Consider the following standard protocol for generating a random element $x \in \mathbb{Z}_P$:

  • Player 1 generates a random number $x_1 \in \mathbb{Z}_p$ and outputs $g^{x_1}$ as a binding commitment.
  • Player 2 generates a random number $x_2 \in \mathbb{Z}_p$ and outputs $g^{x_2}$ as a binding commitment.
  • The two players reveal $x_1, x_2$, and after checking consistency with the commitments, the output of the whole process is defined as $x = x_1 +x_2 \ (\mathrm{mod}\ p)$.

Suppose now that Player 2 would like to manipulate $x$. Her strategy is the following: She sees $g^{x_1}$. She generates $n$ random number $a_1, ...,a_n$. She computes $g^{x_1+a_1}, ..., g^{x_1+a_n}$, see which one she likes best, and sets $x_2$ accordingly: $x_2 = a_i$ for some $1 \leq i \leq n$. Finally, she outputs a commitment $g^{x_2}$.

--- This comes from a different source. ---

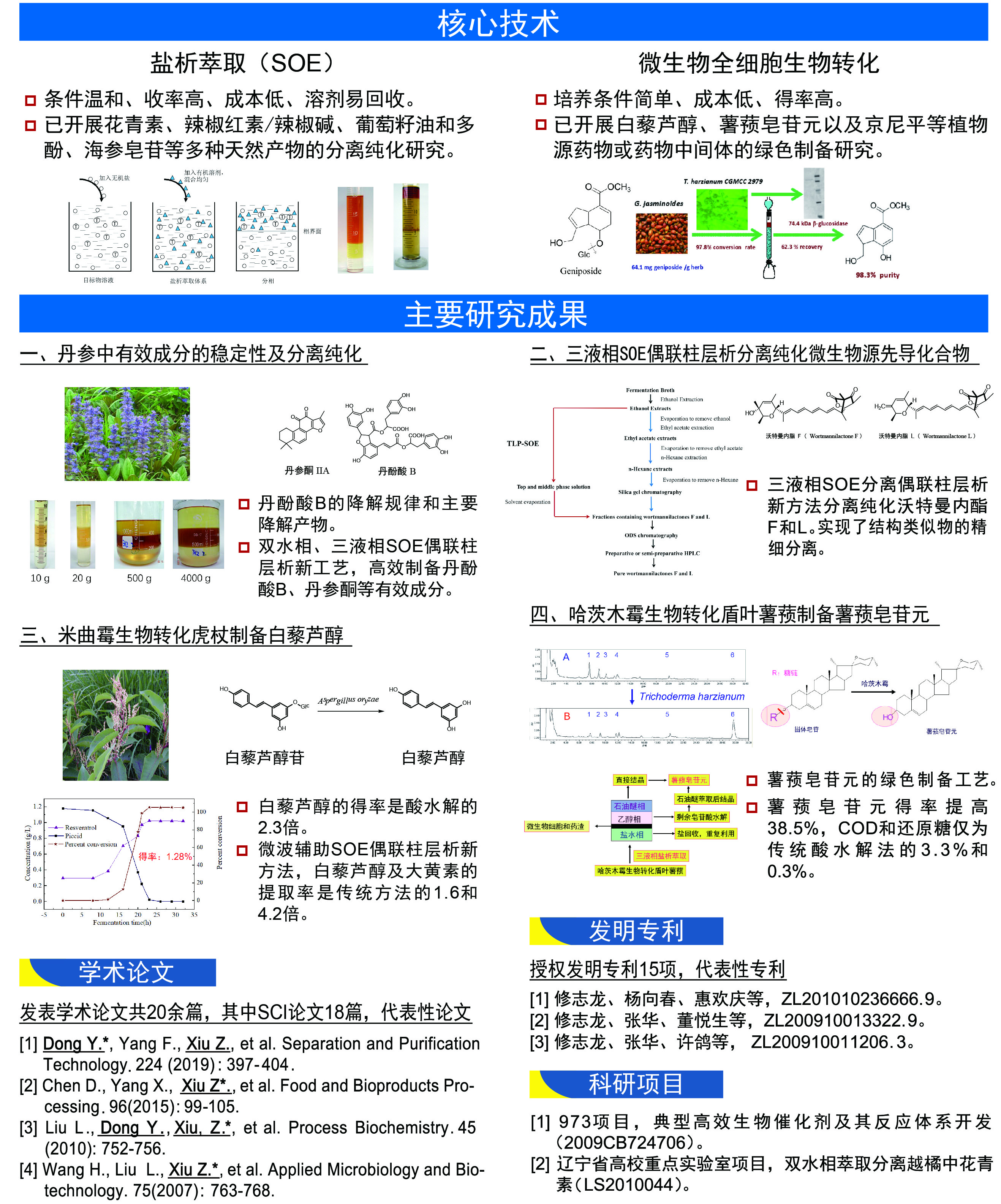 主要研究方向包括:生物质能源和生物基化学品、海洋活性物质的分离与活性研究、蛋白类的分离与修饰耦合集成技术、天然产物的生物转化与分离、天然产物防治糖尿病及其作用机制、微生物来源的先导化合物发现等。先后完成国家自然科学基金、国家重点科技攻关项目、国家863项目、973子课题、教育部新世纪优秀人才支持计划和企业委托工程技术开发等40余项课题,在国内外学术期刊上发表论文462篇,已授权中国专利61项,美国专利1项,主编、参编、主译教材、专著16部,获辽宁省技术发明二等奖1项、自然科学三等奖2项。

This scheme is not considered secure, since Player 2 can obviously affects the distribution of $g^{x_1+x_2}$ and therefore the distribution of $x$.

My question is, can Player 2 really manipulate $x$ to her benefit?

One way to formalise this question would be: Let $A \subset \mathbb{Z}_P^*$. If Player 2 is honest, we have $$ \mathbb{P}[x \in A] = \frac{|A|}{p-1}. $$
Can Player 2 increase this probability using the above strategy?

(Naturally, $A$ can be defined by "the set of all numbers $x$ in $\mathbb{Z}_p$ such that $g^x$ has a '1' in the last digit" and then Player 2 can easily make this probability equal 1, so this formalisation is not very good. Suggestions?)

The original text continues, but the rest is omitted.